My video works, too, deal with myths, historical events and mundane occurrences, in an attempt to extrapolate from them their significance in constructing a local sense of identity. Distancing myself from a straightforward documentary approach while opting instead for a more experimental one, I can react and interpret in a critical manner various socio-political phenomenon by means of irony and humor. Through a wide gamut of artistic decisions which manipulate the work’s overall aesthetics, its color palette and soundtrack, and by inserting archival materials and animation into my own footage, I try to blur the distinction between reality and fiction while examining the tension between the documentary and the staged. In Golden Ring (2017), for instance, I invited Jerusalemites to sing karaoke in my studio. In editing the footage I replaced the words of the well-known songs with the participants’ personal texts which ran as subtitles, reflecting their true feelings about the city and its reality. Similarly, Oz 21 (2016) came out of the specificity of Arad, located in Israel’s Negev desert, as well as from an influential novel by Amos Oz. In this piece, which I made during an artist residency program in the city, I collaborated with members of several generations of Arad residents. I fashioned my own personal interpretation of the dialectics of past and present of the place using the juxtaposition of choreographed dance sequences, text and edited imagery.

My work with Neon light has its roots in my personal biography, as my father owned one of the first factories in Israel which manufactured neon signs. I created my first neon work many years after the firm closed down, and it was, naturally, nothing like what my father had produced. My neon works alternate between conceptual abstraction and figurative depiction. In all of them I ascribe light with the importance of being both a material and a subject-matter, as there is no photography and no neon without light itself. In works such as Shalom/Chalom (Peace/Dream, 2008) and I Can/ I Can't (2010), altering one letter in the word changes its meaning. In White on White Cream on Cream (2011) I produced a Rothkoesque color field by using a white and off-white neon placed on different backgrounds. The work Hands Up (2018) relates to a Disney WWII animated propaganda film.

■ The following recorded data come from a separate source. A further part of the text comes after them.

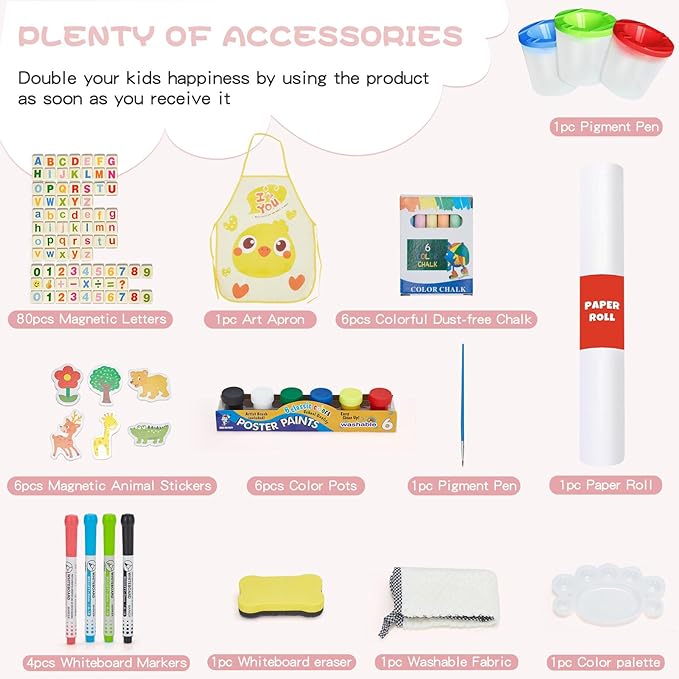 - VARIOUS ACCESSORIES: Our kids easel and paint setl contains magnetic stickers, dust-free chalk, whiteboard markers, color pots so on a total of more than 100 kinds of accessories. It can be used immediately upon receipt, doubling your child's happiness
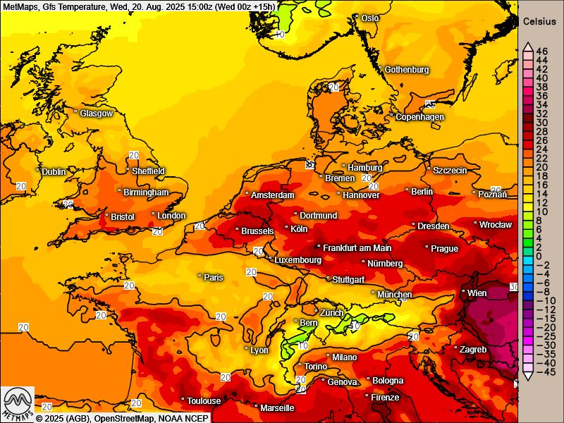 Die Lufttemperaturen nach GFS für Mittwochnachmittag (15 Uhr):
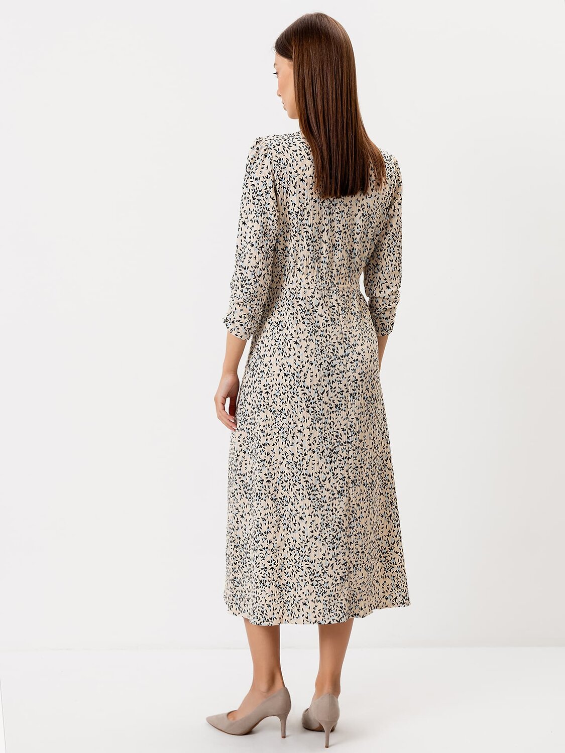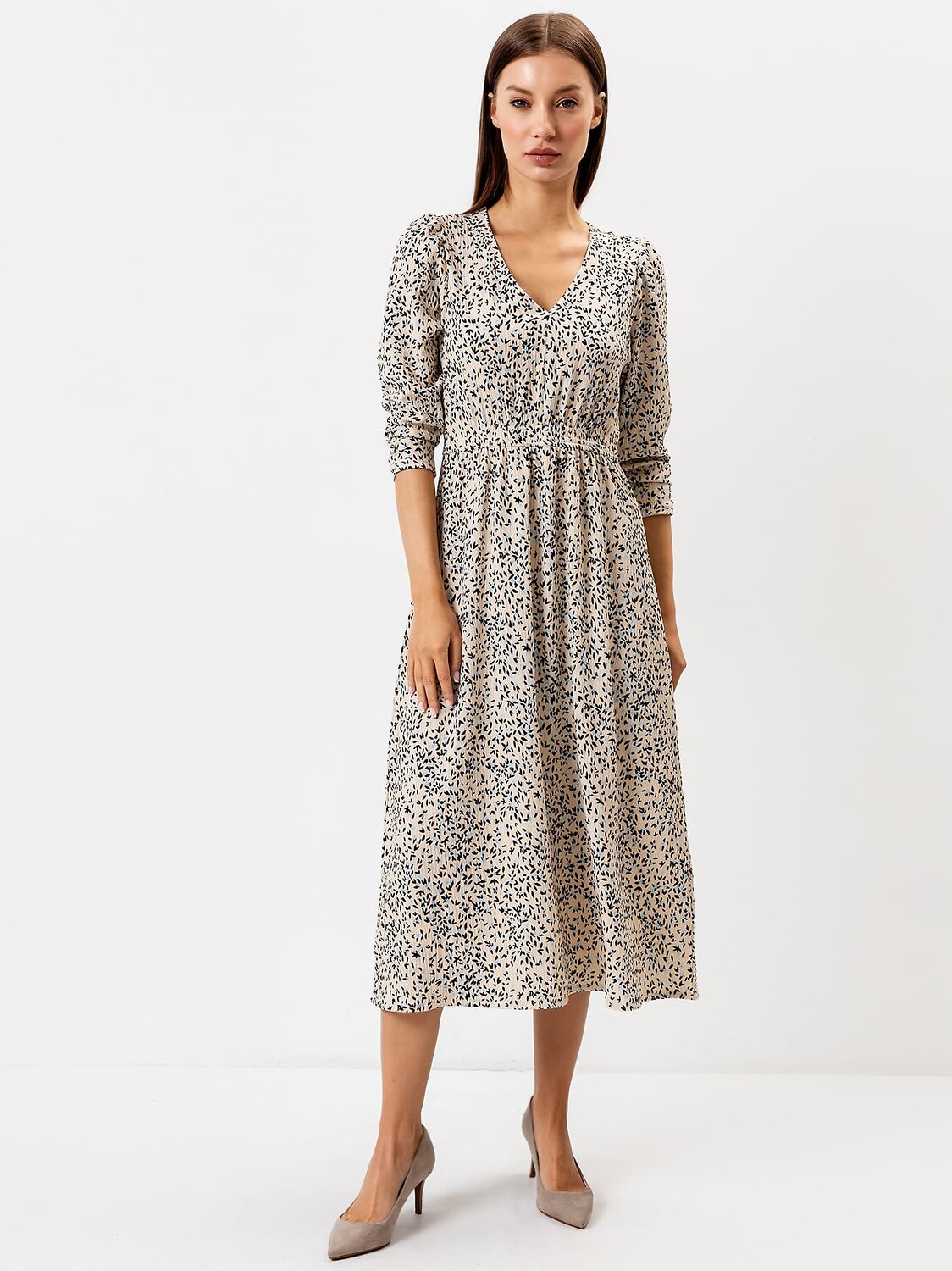 Платье полуприлегающего силуэта из ткани рошель. Горловина V-образной формы. Платье отрезное по талии, с эластичной тесьмой внутри. По эластичной тесьме проложены отделочные строчки. По детали переда средний шов. Детали спинки со средним швом. Рукав втачной, длинный. По окату слегка присборен. Длина рукава 3\4, по низу рукава настрочена эластичная тесьма которая делает сборку. Низ платья расширяется к низу. Длина платья ниже колена.
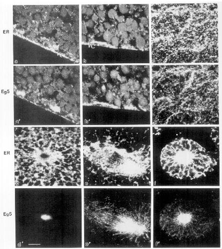 blastula cell. (f) Section of an interphase blastula cell. There is partial colocalization of Eg5 and ER around the microtubules of the vegetal
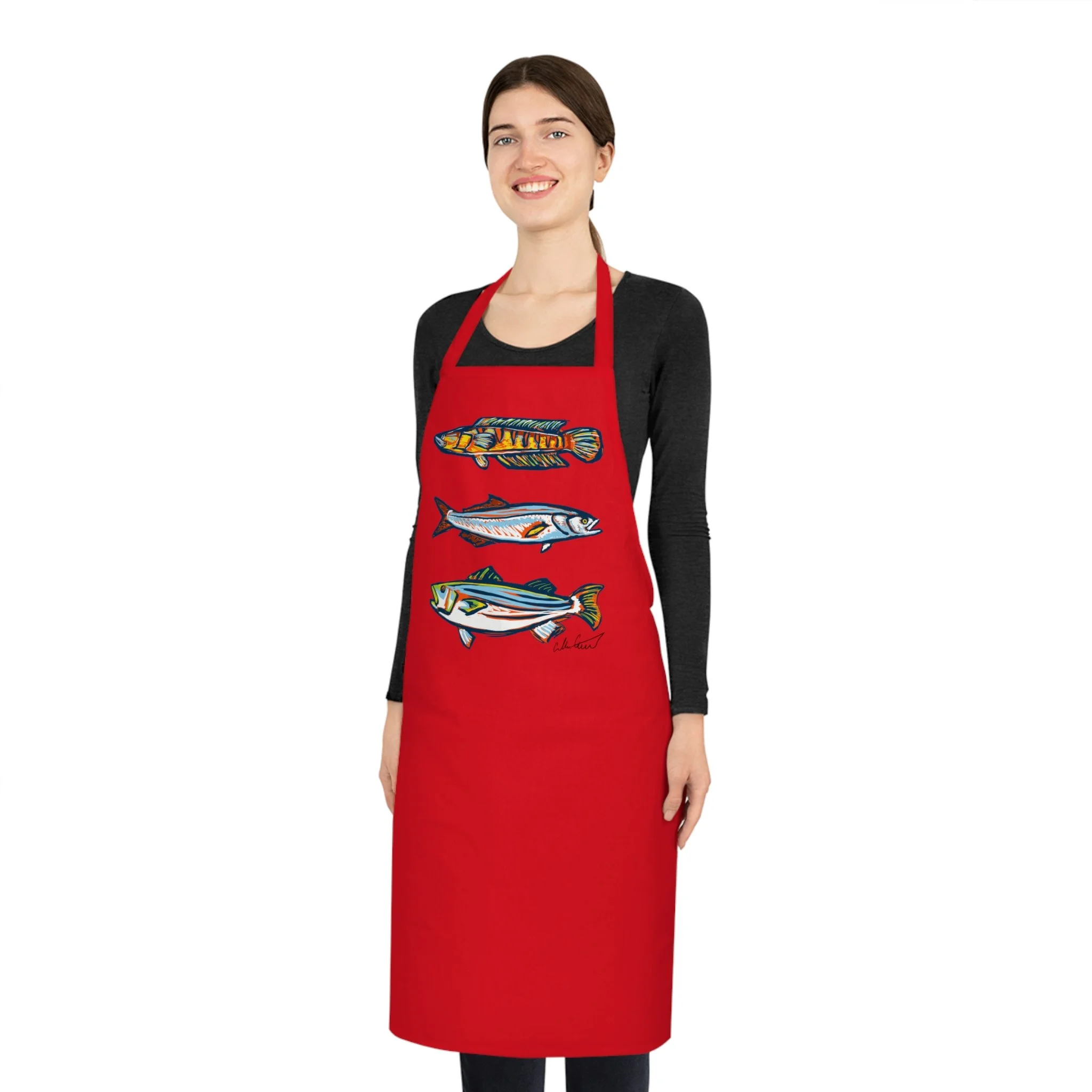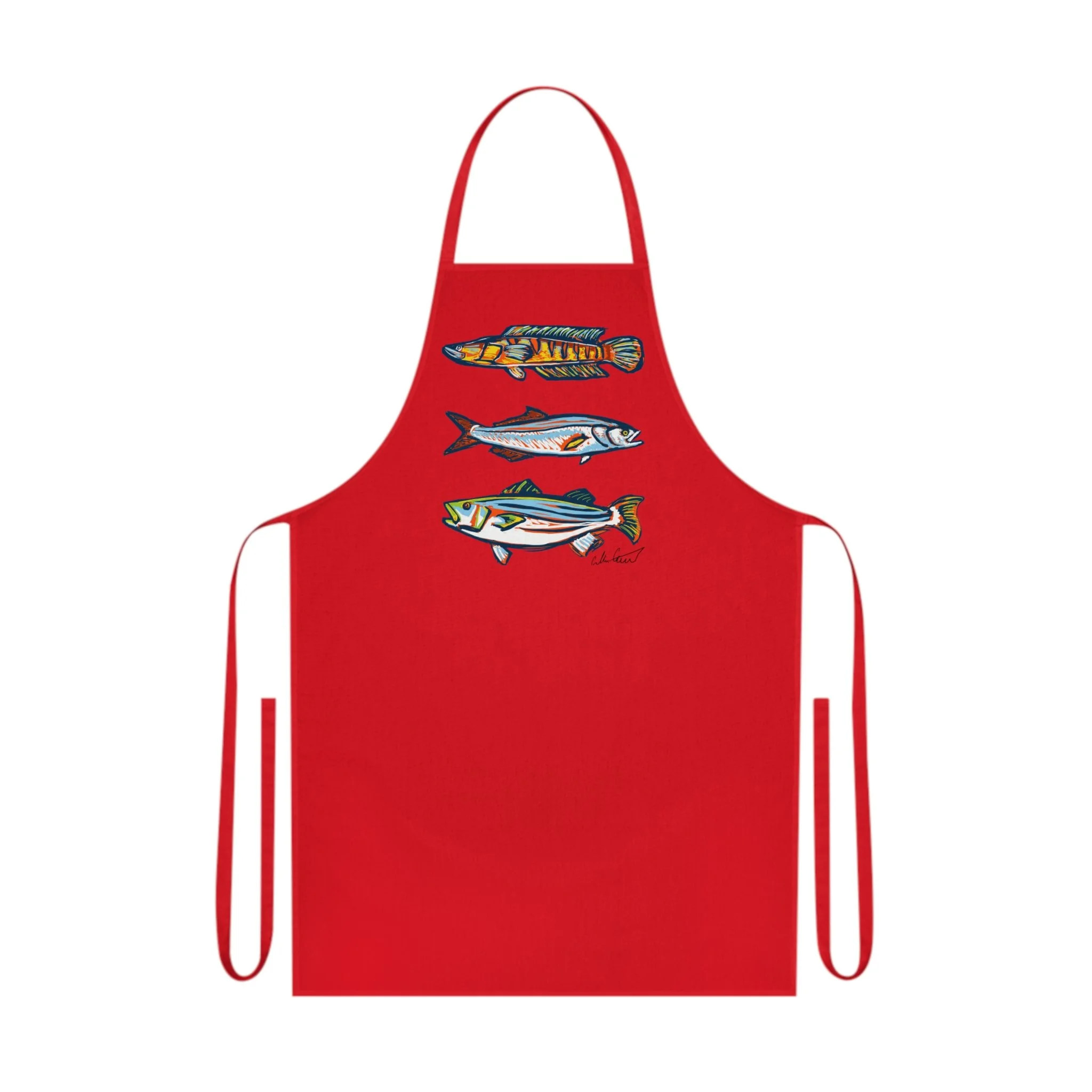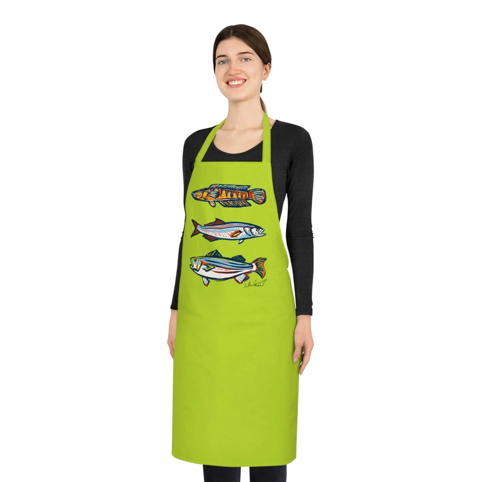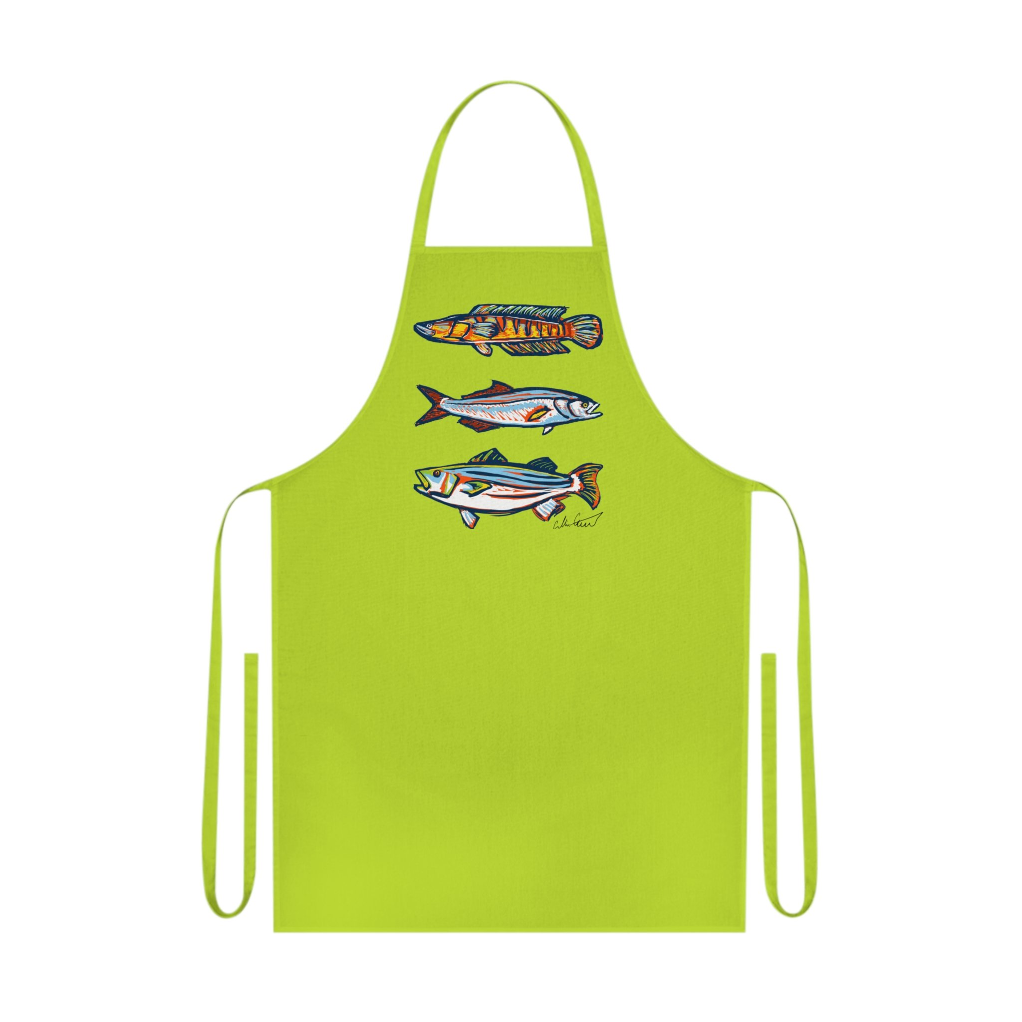Fish Trio Cotton Apron — Bright Lime Kitchen Apron with Colorful Fish Design
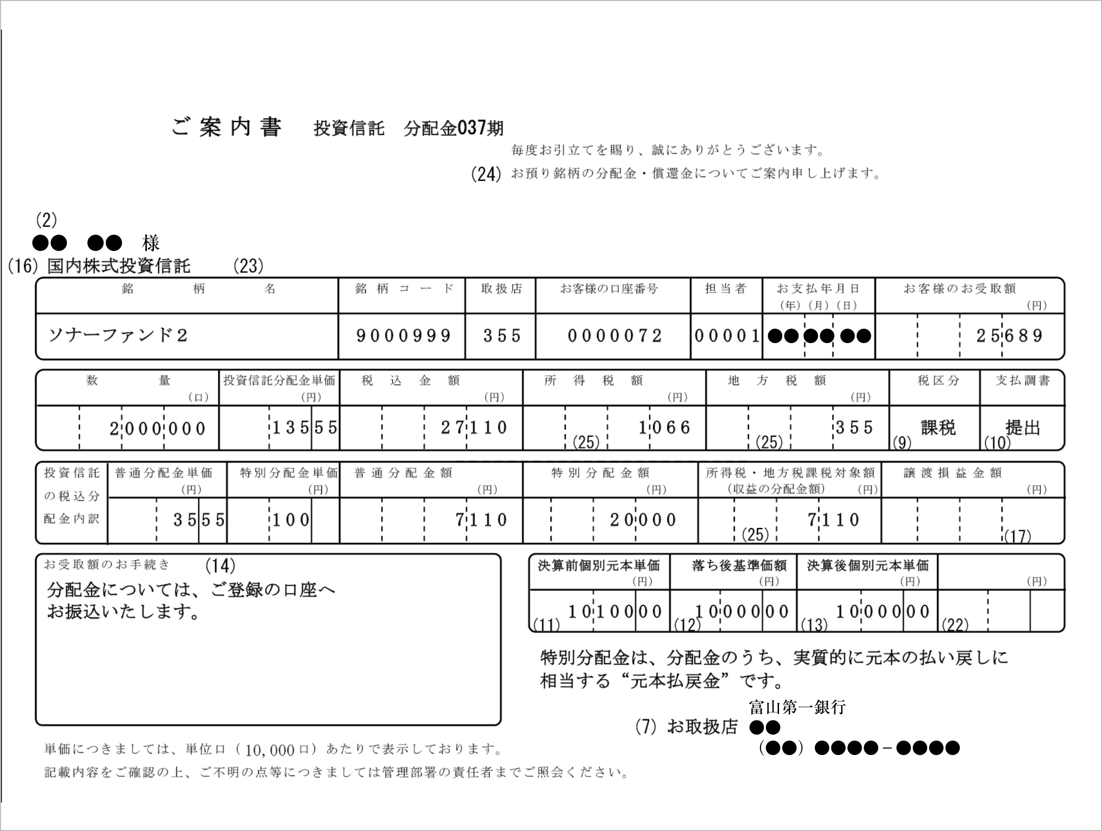 元本払戻金(特別分配金)が支払われた場合、下段括弧内に表示します。 - 源泉徴収税額(所得税)・配当割額(住民税)
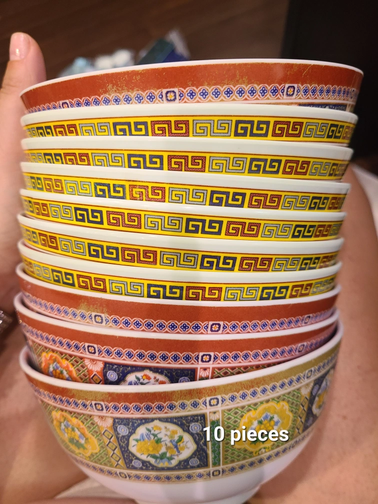 49Selling a set of plates with a unique Asian-inspired design! They have a red and white pattern with floral accents and traditional symbols. Perfect for adding a touch of culture to your dining experience.
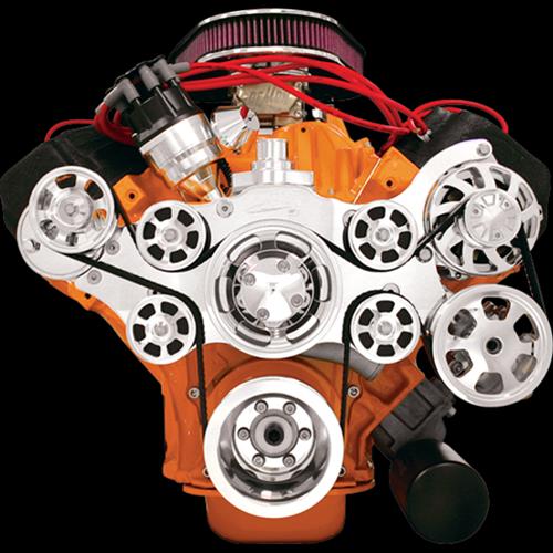 Billet Specialties Tru Trac serpentine systems witout A/C not only look awesome—they also perform! They are designed to increase the efficiency of the alternator and compressor by eliminating belt slippage. Order the unit tailored for fitment on your particular vehicle.
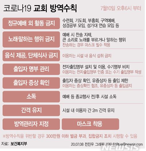 "교회 책임·종사자는 음식 제공과 단체 식사를 제공해서는 안 된다. QR 코드 기반 전자출입 명부 또는 수기 출입 명부를 비치해야 하고, 증상을 확인하며 방역관리자를 지정해야 한다. 예배 전후에는 시설을 소독해야 한다. 마스크를 껴야 하고, 이용자 간 최소 1미터(m) 거리두기를 지켜야 하는 것은 물론이다.
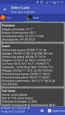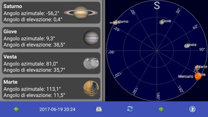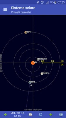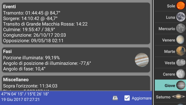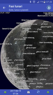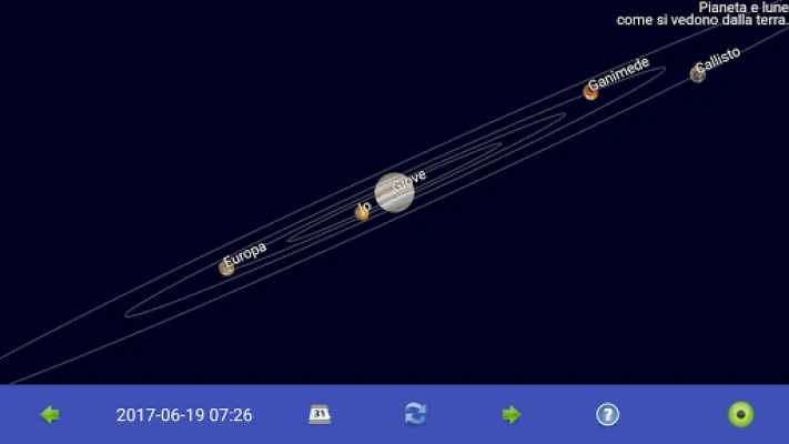 Con una precisione sorprendente, potrai monitorare la distanza dalla Terra di vari oggetti, calcolare l'esatta lunghezza del giorno e seguire l'affascinante evoluzione della fase lunare, giorno dopo giorno. Ma non è tutto: immergiti in visualizzazioni grafiche mozzafiato che mostrano la fase lunare attuale con chiarezza cristallina, quali oggetti sono visibili sopra l'orizzonte nel tuo preciso momento e la disposizione in tempo reale dei pianeti del nostro Sistema Solare. Avventurati ancora più a fondo per osservare le intricate orbite delle lune di Giove e Saturno, così come le posizioni delle lune di Marte, Urano, Nettuno e persino Plutone, tutte rappresentate come le vedresti dalla Terra.
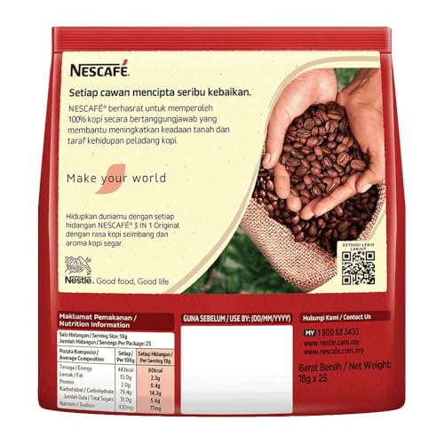 Nescafe 3 In 1 Instant Coffee Sticks Original - Best Asian Coffee Imported From Malaysia- Bag 18 Gram

Recently, since mid-2019, as I've been battling a severe illness, I started to re-edit photos which were categorized until now as ”too private”. Someone Has Been Sleeping in My Bed (2005-2017) for instance, is a group of intimate images taken in a variety of different rooms, each with its unique aesthetic. In all of them there is a male figure lying down, where it is unclear whether he is dead or merely asleep. I took these pictures of my partner during shared trips. He never knew I was photographing him. For a long time he has been disinclined to show them in public, but in the last year he gave his consent when he realized how important it is for me at this point in time to work with the margin between life and death. Similarly, I am re-visiting a series of photographs depicting flawed, deformed sculptures, which I took over several years in different locations around the world. Once labeled as ”too personal” these images are now congealing into a new body of work I call “A Thin Line”.